This is why I made the analogy to the Jesus myth, albeit tongue-in-cheek. The mythological value of Jesus as a character is the notion that he personally undertook enough suffering and spilled enough blood to forgive other people's sins. That too, it is a sin not carried directly by the individual, but carried down and inherited from a progenitor woman born of her lover's rib who ate a magical fruit because a talking snake told her to which resulted in the inexcusably horrible crime of acquiring knowledge. That makes total sense.

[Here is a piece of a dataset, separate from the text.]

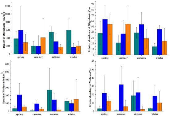 During the investigation period, a total of 72 taxa belonging to 3 phyla (Arthropoda, Mollusca, Annelida), 9 classes and 24 families were recorded in 48 sampling sites among 4 seasons. Among them there were 39 insects, 15 mollusks, 11 oligochaets and 7 miscellaneous animals (Table 2 and Table A2). Species with relative abundance greater than 5% were defined as dominant taxa [43], and Limnodrilus hoffmeisteri, Propsilocerus akamusi, Tanypus concavus, Culicoides sp. were classified as the dominant taxa over the investigation period, with relative abundances were 27.9%, 20.9%, 15.6% and 7.1%, respectively.
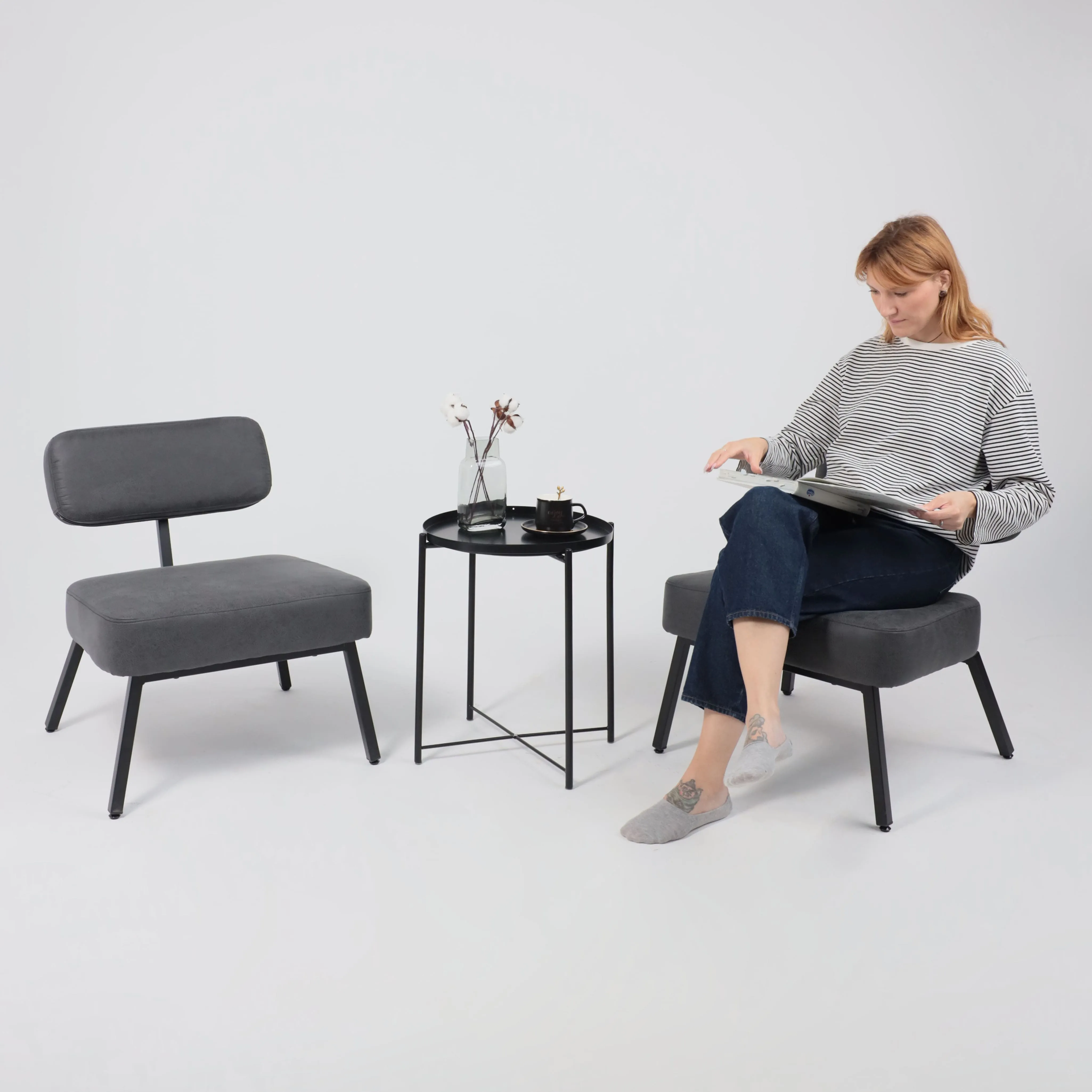 Кресло GRANDE, поворотное, серая ткань Linen Fabric-11/черный

So exactly how does this work? Richard Carrier's caricature of the Jesus myth went along the lines of blood sacrifice being necessary, but only Yahweh's own blood had enough magical power to do the trick, which meant having to take a human avatar. But this doesn't really carry over to Karwa Chauth very well because I don't think anyone claims that there are magical powers intrinsic to the emptiness of a female stomach that don't exist in the male stomach. Furthermore, when put into the context of Hinduism, it should be the other way around because women are not really put in any exalted position. There are relatively few elements built into the Vedanta itself which speak of a "women's role", but it comes to bear in later additions and interpretations which more or less became accepted as "official" shastras. Why it happened this way is a separate matter, but suffice to say it makes the concept make less and less sense.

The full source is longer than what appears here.